I don't remember if it has been posted here yet [nope] but Grace told us that God has healed her ear and she no longer needs her hearing aid, so she hasn't worn it for over a week [two weeks] and I've only heard her ask for someone to repeat themselves a few times so I'm hopeful that her tumor is shrinking (which is faster than expected). I'm curious to see what the hearing test says and whether they'll want her to wear it even if it is getting better - there is some brain training that is good to make sure it is used to using both ears.

Day +500

joyful — Sun, 22 Jun 2025 21:49:14 -0400

Today is Day +500 and we have much to rejoice over!

We are so thankful for Grace's good marrow results, so thankful to reach this milestone.

I feel so much lighter now, and the smaller things that bothered me last week don't seem so bad anymore.

Here are some recent pictures and quotes from our Amazing Grapey Grace Victoria:

Someone was talking about tax, and Grace thought they said tictacs, so I said it was spelled T-A-X, and she replied, "E-A-O-B: tictacs!"

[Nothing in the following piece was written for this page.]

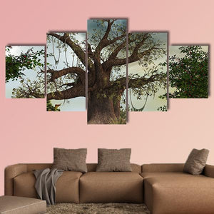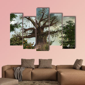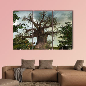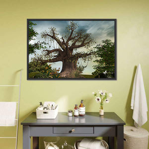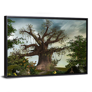 Fabulous Garden Canvas Wall Art centers on an enormous ancient tree surrounded by lush foliage, butterflies, hanging vines and a stone path that leads to the trunk. A palette of greens, browns, grays and whites with glowing plants and a dramatic cloudy sky gives the scene an enchanting, mystical, and serene mood that works well in modern or nature-inspired rooms.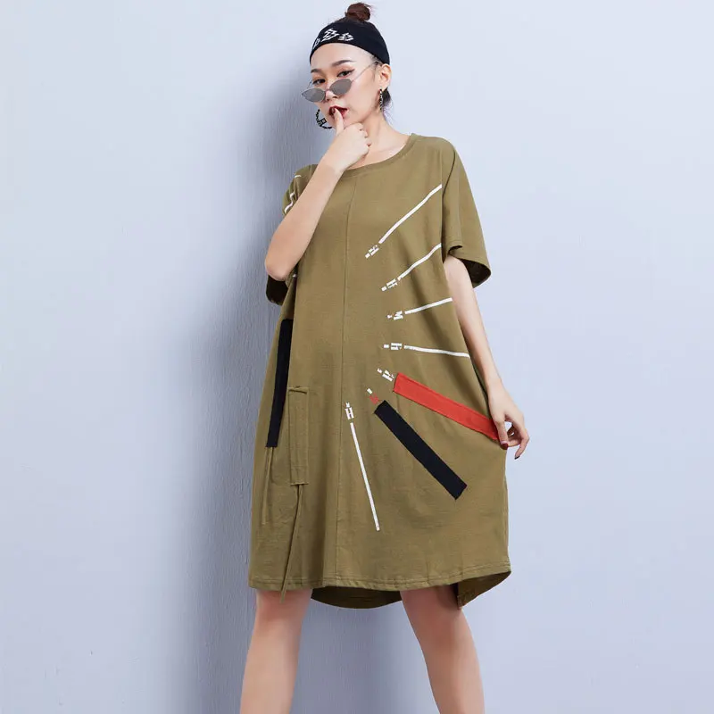 LANMREM, новинка 2020, весна-лето, круглый воротник, хит, цвет, средней длины, платье для женщин, Ретро стиль, свободный, большой размер, неровные топы, PD834

Me: "Why do you have to ask a question about everything I do?"

Grace: "'Cause my voice has lotsa questions!"

When we all had sore throats: "Why Daddy not reading, mom? Daddy's voice is itchy, too?"

Grace's first time painting pottery.

Little pigtails; we think she looks like Boo from Monsters, Inc.

Hiking

She called the Rubik's cube "cuber-solve."

Jeremiah wasn't careful when he sneezed, and Grace said indignantly, "Don't bless you on me!"

She cut her own bangs; "Now they're not in my eyes anymore!"